**To do**
Exclude any images and output the remaining records exactly.

**Provided data**
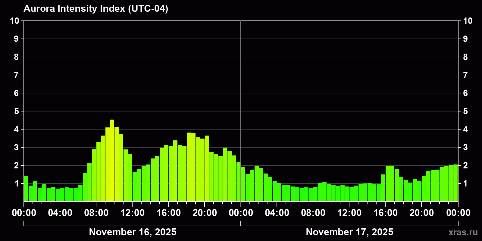 Changes in the auroral intensity index from 2025-11-16 to 2025-11-17 local time
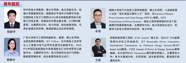 在专家访谈环节,河海大学鞠平教授、天津大学贾宏杰教授、华中科技大学文劲宇教授、东北电力大学严干贵教授、杭州电子科技大学曾平良教授等5位电工领域资深专家探讨了本领域的学术前沿动态与研究热点。专家们结合自身多年从事科学研究的经历,围绕“新能源电力系统源-网-荷-储协调运行”这一主题与青年学者进行了交流与互动,为青年学者指引学术方向,把握前沿动态,展望领域未来,激励青年学者担当奋进;河海大学鞠平教授首先简要介绍了广义负荷智能认知与高效调控的重要性,并分享了广义负荷智能认知与高效调控的整体研究框架以及主要的研究思路,并介绍了当前广义负荷研究的关键瓶颈和突破点;天津大学贾宏杰教授首先介绍了当前我国面临的巨大的减碳压力,并结合我国国情分析了我国实现双碳目标过程中存在的优势和劣势,详细介绍了综合能源系统相关技术和新型电力系统在我国实现双碳目标过程中起到的关键作用;华中科技大学文劲宇教授结合团队工作进展分享了大规模可再生能源并网消纳技术的最新研究成果,分享了他对未来直流输电发展的思考和建议,详细介绍了计算能源经济学的应用前景和潜力;东北电力大学严干贵教授分享了他对构建以新能源为主体的新型电力系统的看法,分析了高比例新能源和高比例电力电子化设备接入电力系统存在的难点,严干贵教授还详细介绍了东北电网新能源发展情况,介绍了未来中国新能源发展方向;杭州电子科技大学曾平良教授主要分享了双碳目标下电力系统面临的机遇与挑战,他简要介绍了双碳目标的实现途径和我国新能源资源分布情况,并从高比例新能源系统机制体制、系统构建、能源互联网、网络信息安全等方面分析了高比例新能源并网存在的技术挑战。
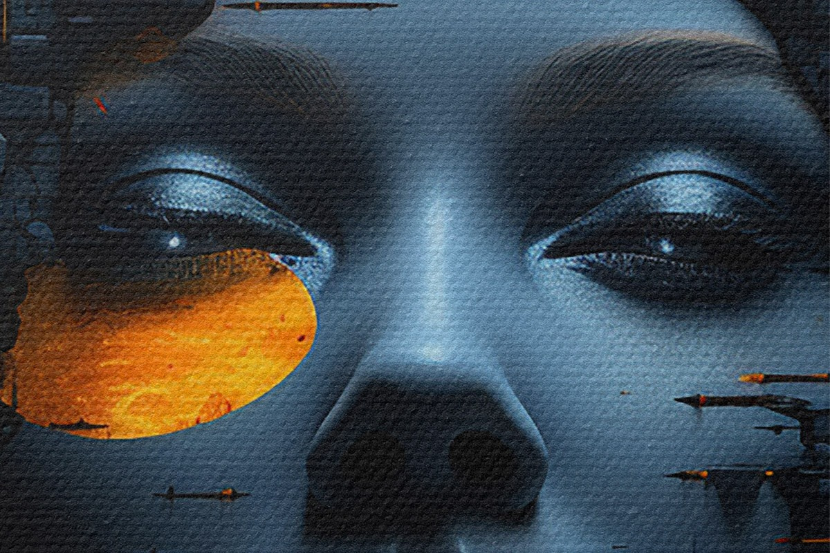 Immagine Persone, volto di ragazza su sfondo cittadino, astratto Nr r45341
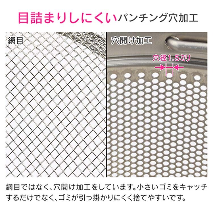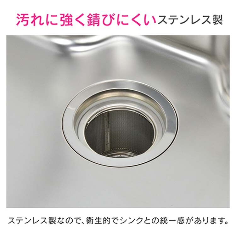 ●キッチンのシンク用のゴミカゴ。●ほとんどの市販の流し台に使用できます。●汚れに強く錆びにくいオールステンレス製です。●目詰まりしにくいパンチング穴加工なのでゴミが引っ掛かりにくく捨てやすいです。●掃除の際も洗いやすいため、清潔にお使いいただけます。●マンションやアパートなどの賃貸住宅の原状回復に最適です。
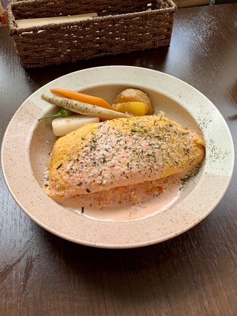 いつも通りカップスープに始まり、次にサラダが来たのだが、ちょっとびっくりした。いつもと比べてサラダの品数が少なくてどうにも寂しい盛りつけに思われたからだ。味はいつもと変わらず美味しいのだが、サラダはこの店の売りだと思っている僕としてはちょっと残念だった。たまたま仕入れが少なかったのだろうか?それとも今後こういうサラダになってしまうのだろうか?不安な気持ちになったが、次に来たメインの皿を見た瞬間に状況を理解した。
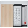 Die Box Pro Becken bieten eine funktionale und durchdachte Lösung für die Küche. Das im Lieferumfang enthaltene praktische Zubehörpaket mit Rollmatte, Schneidebrett und Abtropfbecken ermöglicht das Arbeiten auf drei verschiedenen Ebenen: Im Beckenboden kann Wasser angestaut, Obst und Gemüse gewaschen oder Geschirr gereinigt werden. Auf der Funktionsstufe im Becken bietet die hitzebeständige Rollmatte Platz für heiße Töpfe und Pfannen oder kann als Abtropffläche genutzt werden. Der Beckenrand dient als Ablage für das Schneidebrett und Abtropfbecken und sorgt für einen reibungslosen Ablauf bei der Lebensmittelzubereitung.
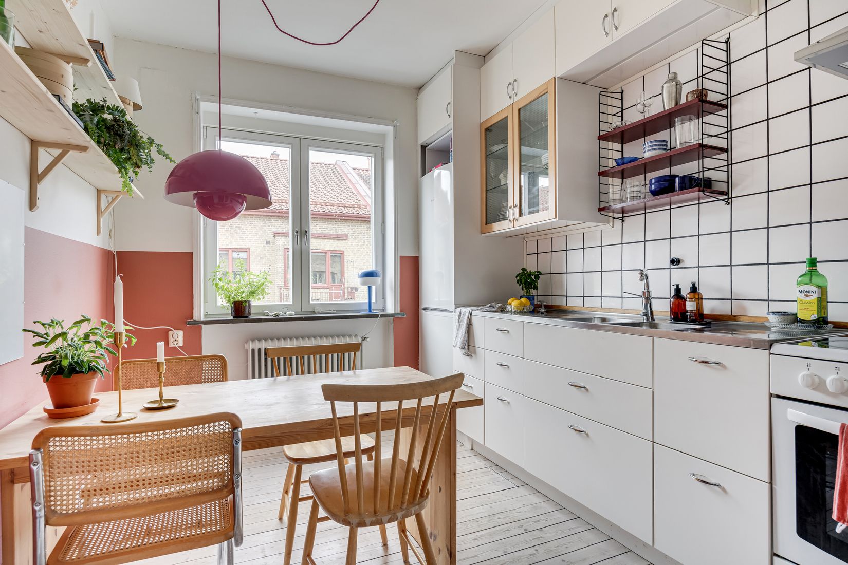 Kök – Trivsamt kök med vitlaserade luckor, vitt kakel och arbetsytor i rostfritt. Väggarna är målade i puts med en dekorativ halvvägg i rött och vitt. Här finns spis, ugn, kyl/frys och fläkt samt gott om plats för matbord för upp till 6 personer.
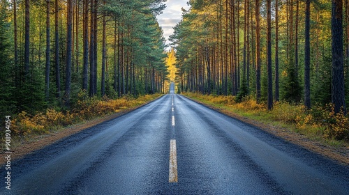 Fototapeta premium A straight road cuts through a dense pine forest with vibrant greenery and...
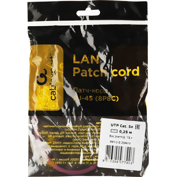 Патч-корд Premier 1000Гбит/с UTP 4 пары cat.5E CCA molded 0.25м фиолетовый RJ-45 (m)-RJ-45 (m) [PP12-0.25M/V]

**Answer box**
 Changes in the auroral intensity index from 2025-11-16 to 2025-11-17 local time
 在专家访谈环节,河海大学鞠平教授、天津大学贾宏杰教授、华中科技大学文劲宇教授、东北电力大学严干贵教授、杭州电子科技大学曾平良教授等5位电工领域资深专家探讨了本领域的学术前沿动态与研究热点。专家们结合自身多年从事科学研究的经历,围绕“新能源电力系统源-网-荷-储协调运行”这一主题与青年学者进行了交流与互动,为青年学者指引学术方向,把握前沿动态,展望领域未来,激励青年学者担当奋进;河海大学鞠平教授首先简要介绍了广义负荷智能认知与高效调控的重要性,并分享了广义负荷智能认知与高效调控的整体研究框架以及主要的研究思路,并介绍了当前广义负荷研究的关键瓶颈和突破点;天津大学贾宏杰教授首先介绍了当前我国面临的巨大的减碳压力,并结合我国国情分析了我国实现双碳目标过程中存在的优势和劣势,详细介绍了综合能源系统相关技术和新型电力系统在我国实现双碳目标过程中起到的关键作用;华中科技大学文劲宇教授结合团队工作进展分享了大规模可再生能源并网消纳技术的最新研究成果,分享了他对未来直流输电发展的思考和建议,详细介绍了计算能源经济学的应用前景和潜力;东北电力大学严干贵教授分享了他对构建以新能源为主体的新型电力系统的看法,分析了高比例新能源和高比例电力电子化设备接入电力系统存在的难点,严干贵教授还详细介绍了东北电网新能源发展情况,介绍了未来中国新能源发展方向;杭州电子科技大学曾平良教授主要分享了双碳目标下电力系统面临的机遇与挑战,他简要介绍了双碳目标的实现途径和我国新能源资源分布情况,并从高比例新能源系统机制体制、系统构建、能源互联网、网络信息安全等方面分析了高比例新能源并网存在的技术挑战。
 Immagine Persone, volto di ragazza su sfondo cittadino, astratto Nr r45341
 ●キッチンのシンク用のゴミカゴ。●ほとんどの市販の流し台に使用できます。●汚れに強く錆びにくいオールステンレス製です。●目詰まりしにくいパンチング穴加工なのでゴミが引っ掛かりにくく捨てやすいです。●掃除の際も洗いやすいため、清潔にお使いいただけます。●マンションやアパートなどの賃貸住宅の原状回復に最適です。
 いつも通りカップスープに始まり、次にサラダが来たのだが、ちょっとびっくりした。いつもと比べてサラダの品数が少なくてどうにも寂しい盛りつけに思われたからだ。味はいつもと変わらず美味しいのだが、サラダはこの店の売りだと思っている僕としてはちょっと残念だった。たまたま仕入れが少なかったのだろうか?それとも今後こういうサラダになってしまうのだろうか?不安な気持ちになったが、次に来たメインの皿を見た瞬間に状況を理解した。
 Die Box Pro Becken bieten eine funktionale und durchdachte Lösung für die Küche. Das im Lieferumfang enthaltene praktische Zubehörpaket mit Rollmatte, Schneidebrett und Abtropfbecken ermöglicht das Arbeiten auf drei verschiedenen Ebenen: Im Beckenboden kann Wasser angestaut, Obst und Gemüse gewaschen oder Geschirr gereinigt werden. Auf der Funktionsstufe im Becken bietet die hitzebeständige Rollmatte Platz für heiße Töpfe und Pfannen oder kann als Abtropffläche genutzt werden. Der Beckenrand dient als Ablage für das Schneidebrett und Abtropfbecken und sorgt für einen reibungslosen Ablauf bei der Lebensmittelzubereitung.
 Kök – Trivsamt kök med vitlaserade luckor, vitt kakel och arbetsytor i rostfritt. Väggarna är målade i puts med en dekorativ halvvägg i rött och vitt. Här finns spis, ugn, kyl/frys och fläkt samt gott om plats för matbord för upp till 6 personer.
 Fototapeta premium A straight road cuts through a dense pine forest with vibrant greenery and...
 Патч-корд Premier 1000Гбит/с UTP 4 пары cat.5E CCA molded 0.25м фиолетовый RJ-45 (m)-RJ-45 (m) [PP12-0.25M/V]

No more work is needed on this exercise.